La prothèse soulage bien les douleurs. Sur le plan de la mobilité, les résultats sont très variables en fonction du terrain. La prothèse n’ayant pas de moteur, ceux sont les muscles du patient opéré qui vont faire le travail.

La prothèse aura au final la mobilité que l’on arrive à lui donner. La mobilité obtenue dépend donc de l’état du deltoïde et de la coiffe restante qui sont souvent altérés dans les arthroses importantes et anciennes.
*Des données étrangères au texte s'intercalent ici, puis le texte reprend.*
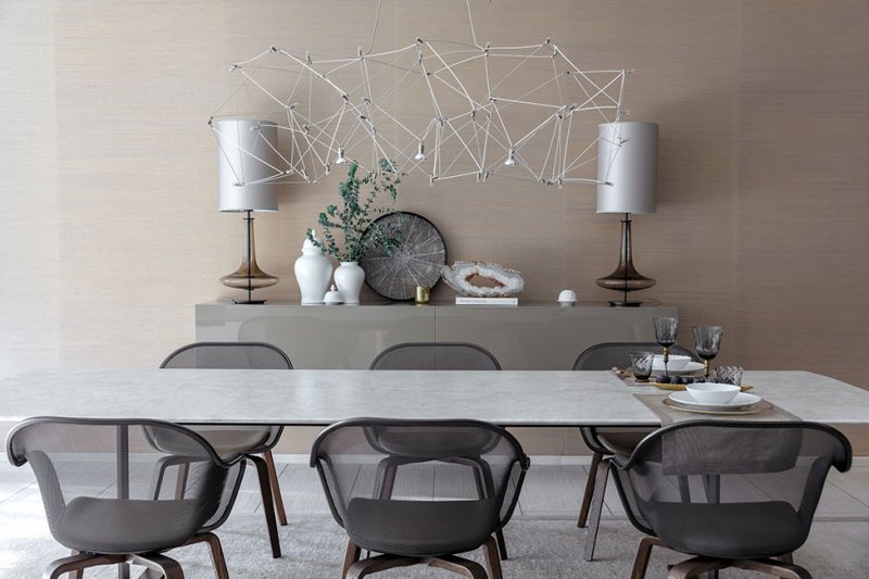 Часть мебели перевезли из старой небольшой квартиры, например, кожаный диван карамельного цвета. Он легко вписался в новый интерьер за счет измененной конфигурации: пуф, который использовался отдельно, стал частью дивана, увеличив количество посадочных мест. «Выбор стульев в столовой оказался делом непростым, и к моему удивлению хозяйка сама предложила нетривиальный вариант из металлической сетки, с подлокотниками и кожаным сиденьем». По мнению архитектора, особенно гармонично модели смотрятся на фоне сизалевого настенного покрытия.
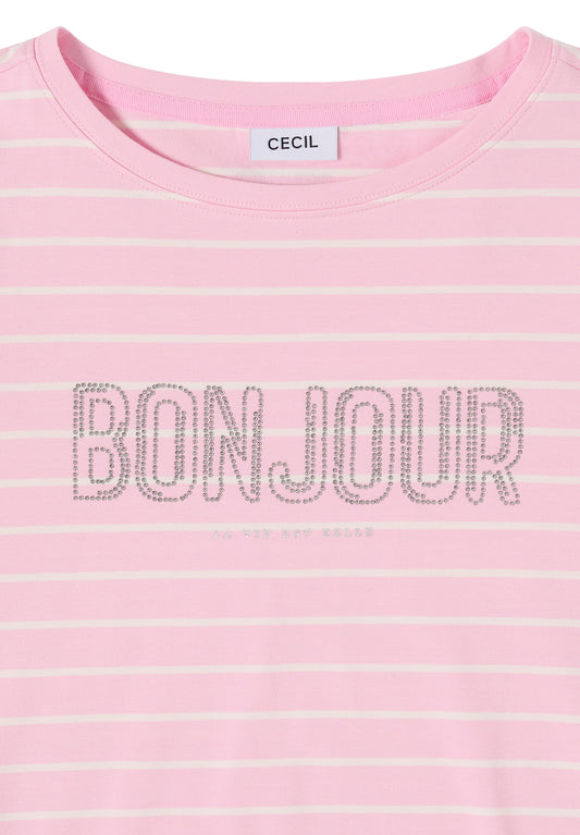 CECIL - T-Shirt mit Schmuckstein Wording - Farbe: light blush rose
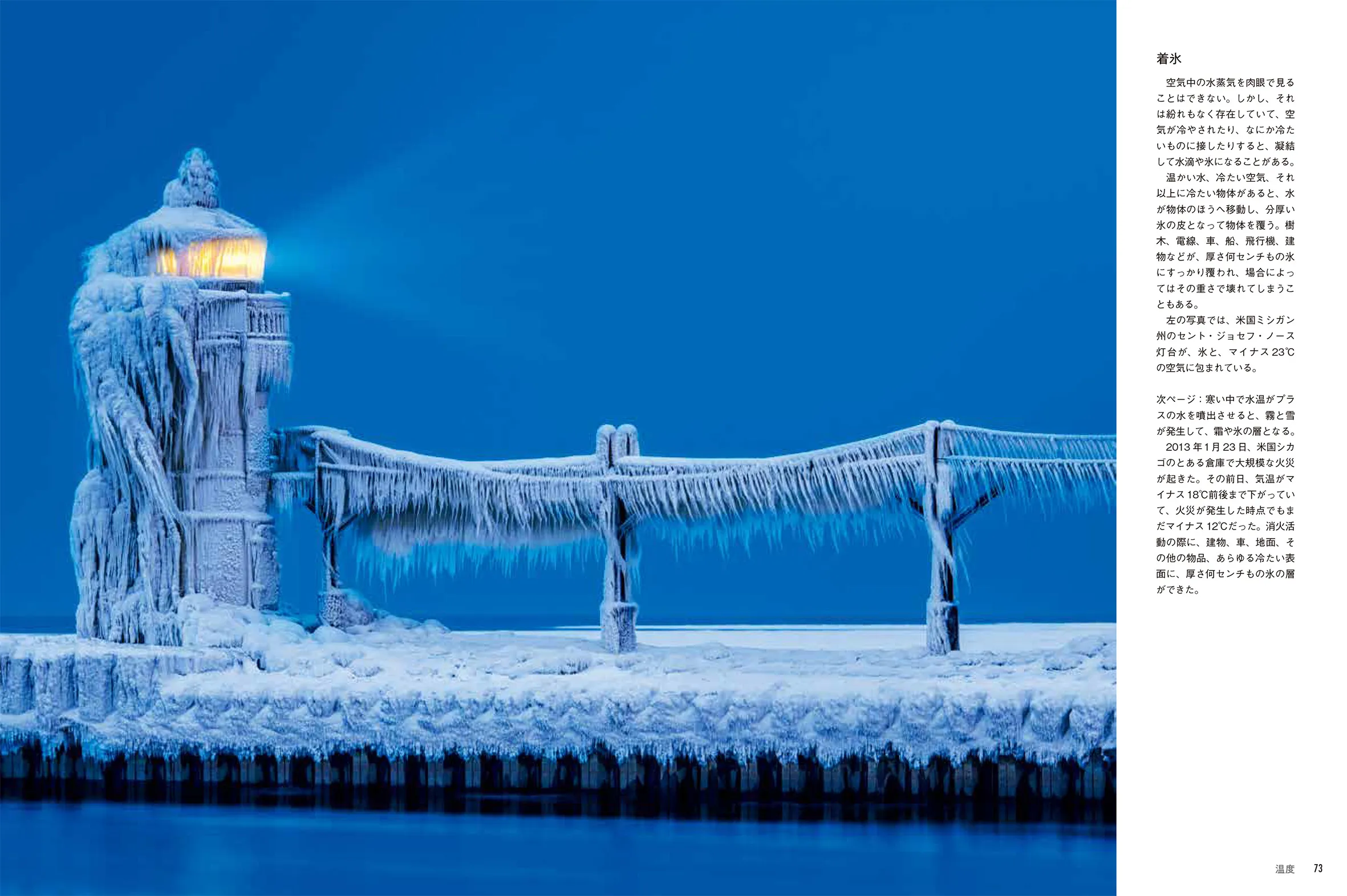 それそれの写真には、著者であるスウェーデンの気象学者マッティン・ヘードベリが状況をわかりやすく説明するキャプションが付いています。なぜ氷でできた雹が例外なく暑いときに降るのか? 美しい真珠母雲が現れたとき上空では何が起きているのか? 不思議な地形サーモカルストがどうやってできたのか?など、気象に関連する話題が盛りだくさんです。

Elle est parfois totale mais le plus souvent intermédiaire.

Dans l’ensemble la prothèse d’épaule redonne un confort de vie important, pas toujours avec une mobilité totale mais suffisante. Il est important par ailleurs de ménager sa prothèse en évitant les contraintes excessives, sources d’usure prématurée.

Cette opération de l’épaule est donc une intervention de sauvetage pour empêcher de souffrir et ne redonne pas obligatoirement une épaule normale mais simplement beaucoup moins douloureuse ou indolore. Cette intervention chirurgicale est donc salvatrice quand on souffre. Même si certains patients ont des résultats fonctionnels impressionnants, son but essentiel et suffisant reste de soulager la douleur de l’arthrose d’épaule et pas de restaurer une mobilité normale.